Where has all that talent gone? I suppose it is still there looking for a place to be useful but, in a world in which one buys a house to tear it down to replace the fir floor joists with an OSB beam and make the entire first floor into a single kitchendiningroomlivingroomfamilyroomentrance, who needs craftsmanship?
And think of this. Only flathead screws were available and each one was twisted into place by hand. There were no electric skill saws, reciprocating saws, hand drills, pneumatic nailers or chop saws. There were no battery drills or power screwdrivers. I realized that this project would not have happened if I didn’t have access to power tools. I am stupid but I am not a masochist.
So, what happens when the power is no longer there? What happens when you pull the trigger on the saw and all you get is a click from the trigger?
“This can’t happen?” you say?
I beg to differ. If we keep up this net zero madness it will most certainly happen one day. All the wind farms and solar panels in the world cannot make up for the power lost when night comes and the wind stops blowing. What then?” Oh, we’ll have batteries, will we? And where do the materials for the batteries come from? There will be new types of batteries. How much of your paycheque are you willing to put on that bet?

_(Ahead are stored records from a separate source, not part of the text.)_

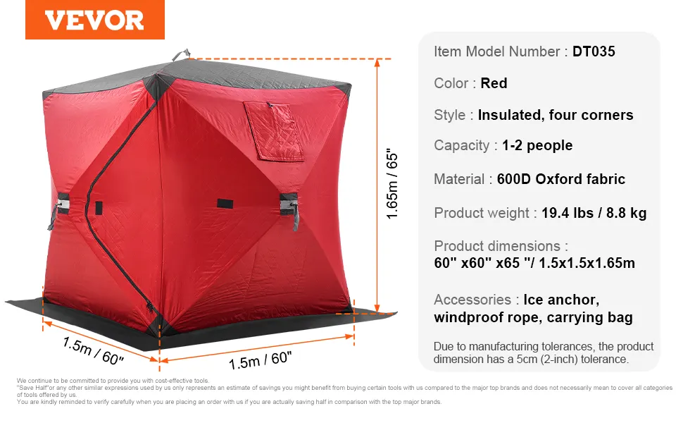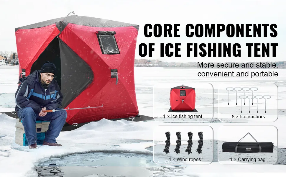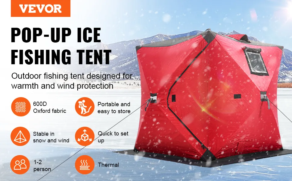 VEVOR Tragbares Eisangelzelt, Pop-Up-Zelt zum Eisfischen für 1–2 Personen, Angelzelt 600D-Oxford-Gewebe, Anglerschirm, Eishütte zum Winterfischen, Zelt mit Ankern/Seil/Tragetasche, 1,5x1,5x1,65m Rot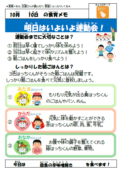 ☆きょうのこんだて☆ 10月10日(金)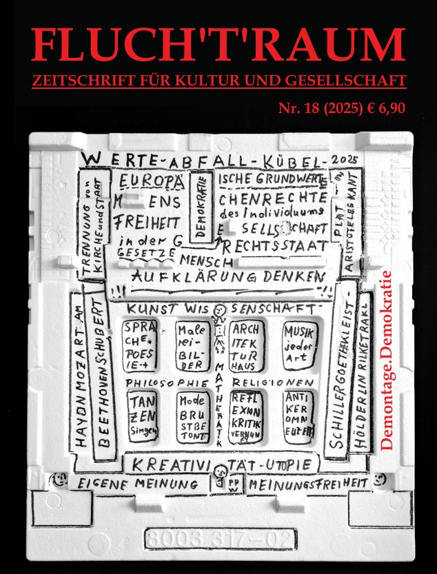 FLUCH’T’RAUM #18 bringt Texte von Peter P. Wiplinger, Stefanie Golisch, Claudia Dvoracek-Iby, Klaus Sinowatz, Steffen M. Diebold, Birgit Rabisch, Otto Dvoracek und Otto Reiter. Mit Fotos von Jürgen Sobkowiak, Annemarie Nowak und Paula Schneider.FLUCH’T’RAUM #18 erscheint Anfang Dezember 2025 zum Thema Demontage.Demokratie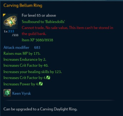 แหวน ( ใส่ได้ 2 ชิ้น ) : มีให้เลือก 2 แบบเช่นเดียวกับต่างหูครับ คือ Power และ Crit จะเน้นเพิ่มพลังโจมตี Max MP ความสามารถในการฟื้นฟูจากฮีลลิ่งสกิล ออพชั่นจะเน้นไปการเพิ่มค่าสถานะของ Power และ Crit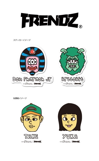 - 【グラフィックデザイナー上田ゆうすけ】 国内外のブランドや企業に作品を提供し、キャラクターやロゴを軸に独自の世界観を展開。 今回は、オリジナルキャラクターシリーズ「FRENZ」「ZOKUZOKU」などのグッズ販売に加え、イベント限定で「FRENZ」テイストのオリジナル似顔絵制作を行います。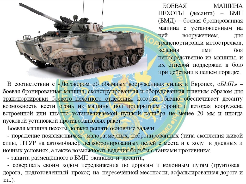 В соответствии с «Договором об обычных вооруженных силах в Европе», «БМП» –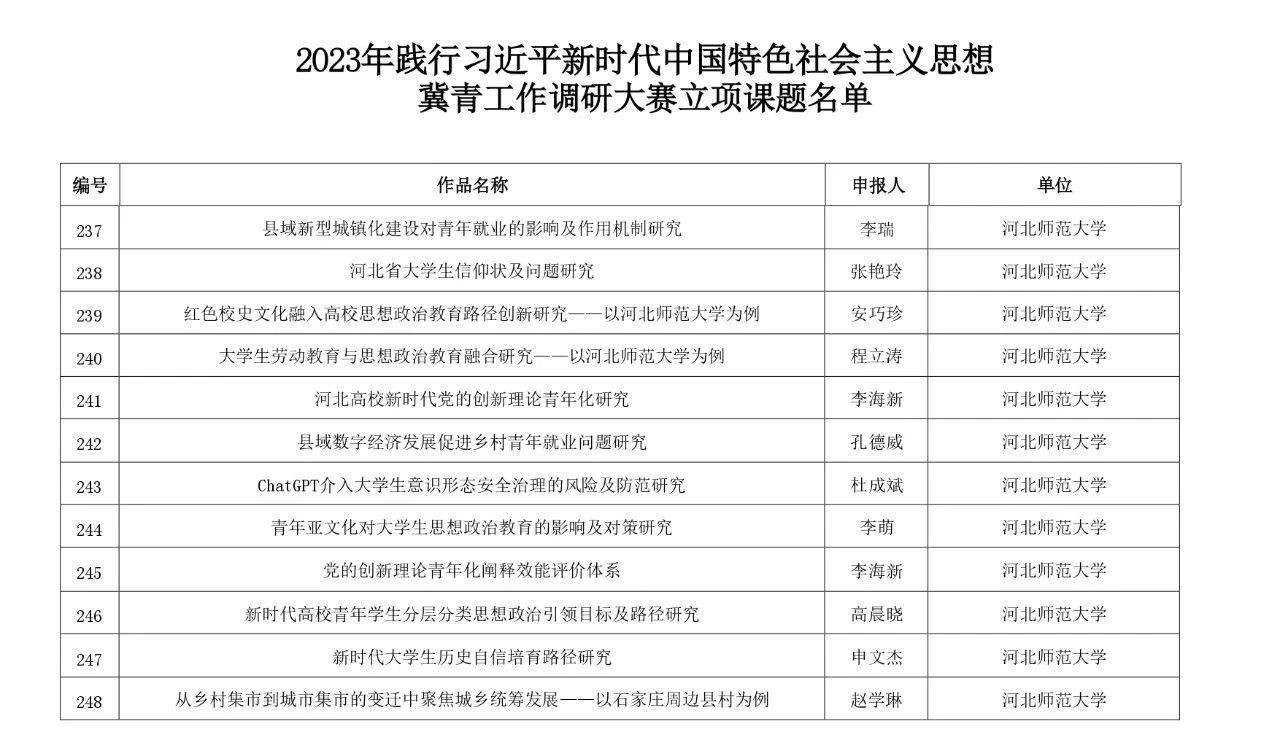 近日,2023年践行习近平新时代中国特色社会主义思想冀青工作调研大赛立项结果公示。x站 获批32项冀青工作调研项目立项。

I chuckle at the anxiety being expressed about the oft-stated “clear and present danger” represented by artificial intelligence and robotics. Have you not noticed that the computers which power such things need enormous amounts of energy? Where does that energy come from? If ChatGPT were to be queried about our rush into a world in which we meet our increasing demand for energy with a self-Imposed forty percent reduction, would it intelligently tell us to have our collective heads examined? I have been willing to shake my head and grumble at the net zero stupidity, but this past week has taught me that the consequences are going to be enormous and that we had better start pushing back or be prepared to hand wash our clothes, walk to the grocery store, and go back to having two electrical outlets in the living room. All those tablets, phones and computers that define our addictions will become useless artefacts in the junk drawer if the net zero folks have their way.
Do yourself a favour. Sit down and think of all the ways you use electrical power and then think of a world in which you suddenly have forty percent less of it. That is, think of having zero power for forty percent of the time. Like when you need it. Now think of my uncle and father hand sawing notches into rafters to build a four hundred square foot cabin. Who is going to build your twenty-five hundred square foot, four bathroom house with a bonus room over the garage with a hand saw? And how much are they going to charge you to do so? Think about losing the power to your furnace in the middle of the night when the outside temperature is minus 35 degrees. Think about losing power when making last-minute preparations for the big dinner. Candles can cover the ambience, but nothing will cook the roast when the power goes out. Sure stick it in the barbeque.
It is time to call a halt to this net-zero nonsense or at least demand that a reasonable case be made to support it. A case that is ideologically bound up in some Marxist nonsense. Bill Maher complained that North Americans are “the silly people” and that our culture is no longer serious. It is time to get serious.
A question worthy of prolonged consideration:
How do we recover lost treasures of bygone eras (skills in the art of building, the simple pleasure of childhood mud fights...)
and rid ourselves of present ills (cheaply built homes, children staying indoors getting addicted to “smart” devices...)
without wholesale abandoning technological progress made over the past 80 years?